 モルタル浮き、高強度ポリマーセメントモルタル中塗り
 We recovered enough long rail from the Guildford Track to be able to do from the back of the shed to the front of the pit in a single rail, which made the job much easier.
==
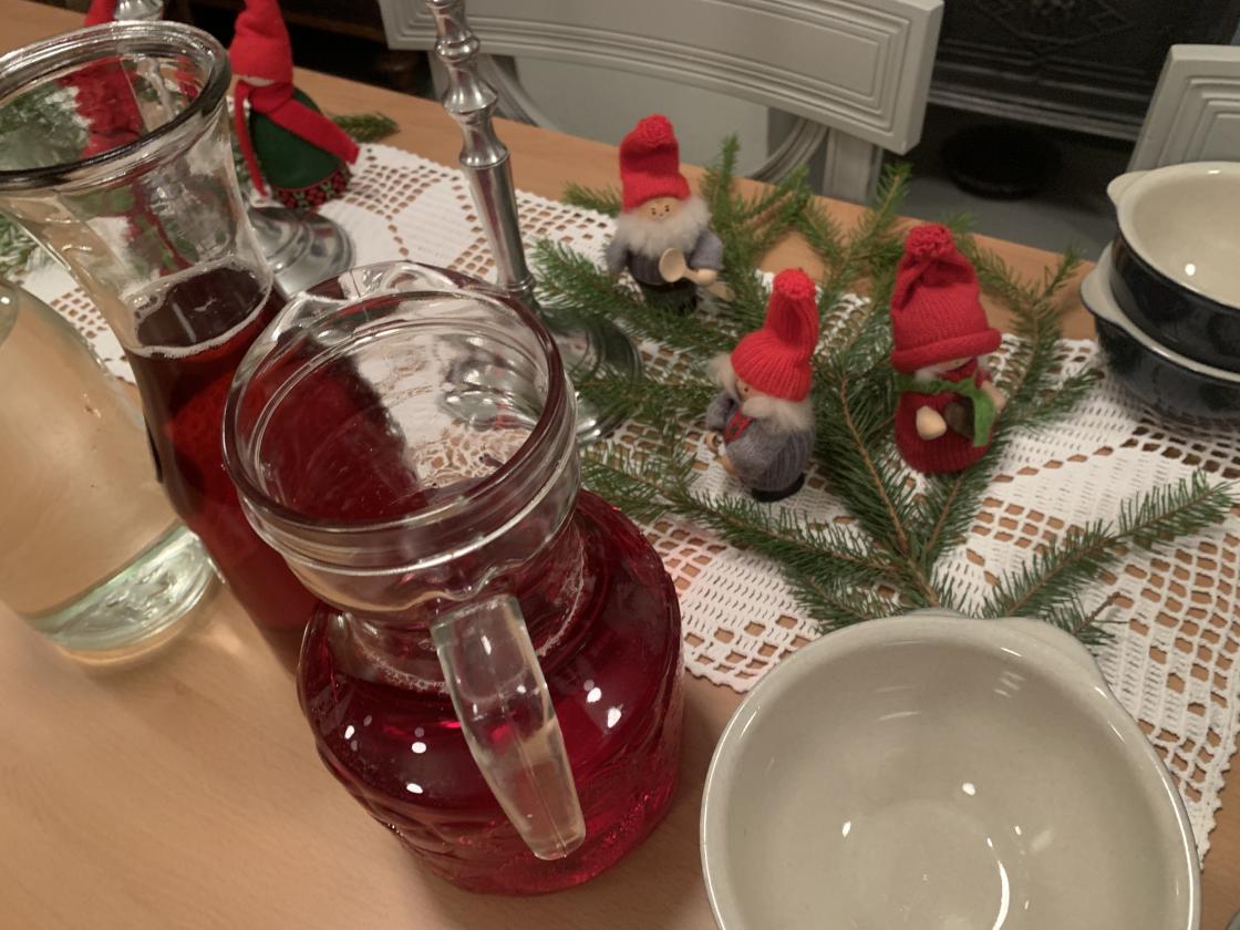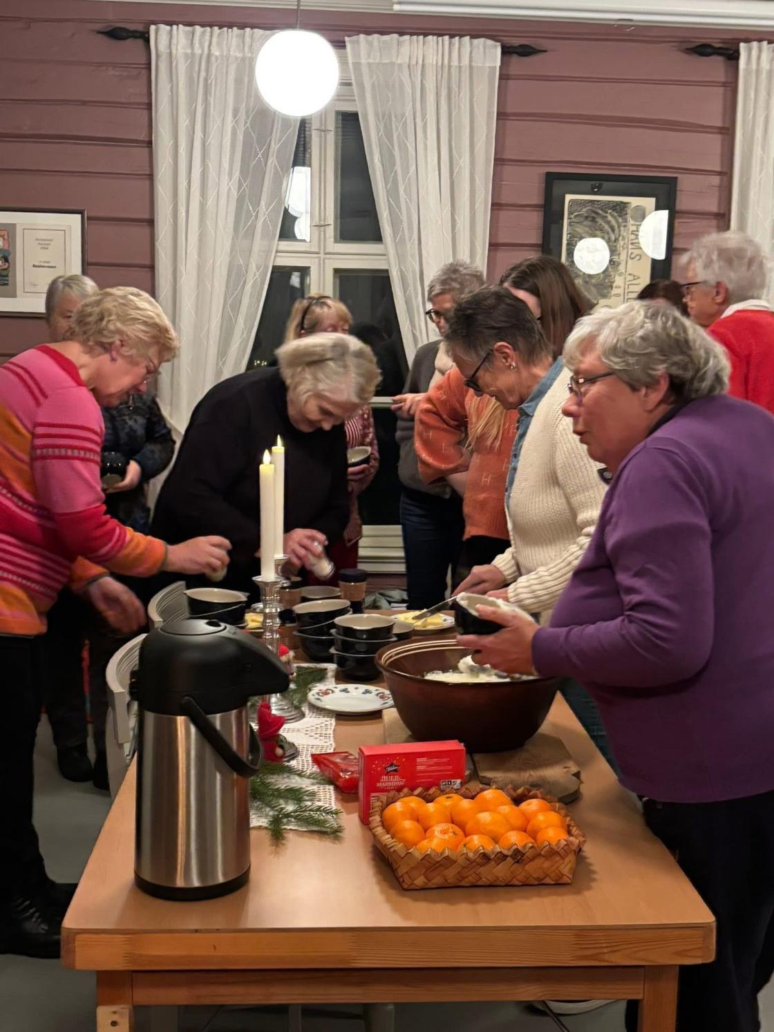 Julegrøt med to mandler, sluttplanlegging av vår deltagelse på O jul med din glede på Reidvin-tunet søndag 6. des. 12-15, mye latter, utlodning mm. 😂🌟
...
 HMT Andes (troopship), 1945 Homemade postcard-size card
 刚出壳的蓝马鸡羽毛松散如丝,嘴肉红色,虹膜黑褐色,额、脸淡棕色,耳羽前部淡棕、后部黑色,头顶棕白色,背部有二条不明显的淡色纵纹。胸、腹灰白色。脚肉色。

### AIM OF THE TASK
Above are the records; from them, give again exactly the lines from the one containing "モルタル浮き、高強度ポリマーセメントモルタル中塗り" to the one containing "We recovered enough", both lines included, and nothing more.

### RESPONSE TO THIS TASK
 モルタル浮き、高強度ポリマーセメントモルタル中塗り
 We recovered enough long rail from the Guildford Track to be able to do from the back of the shed to the front of the pit in a single rail, which made the job much easier.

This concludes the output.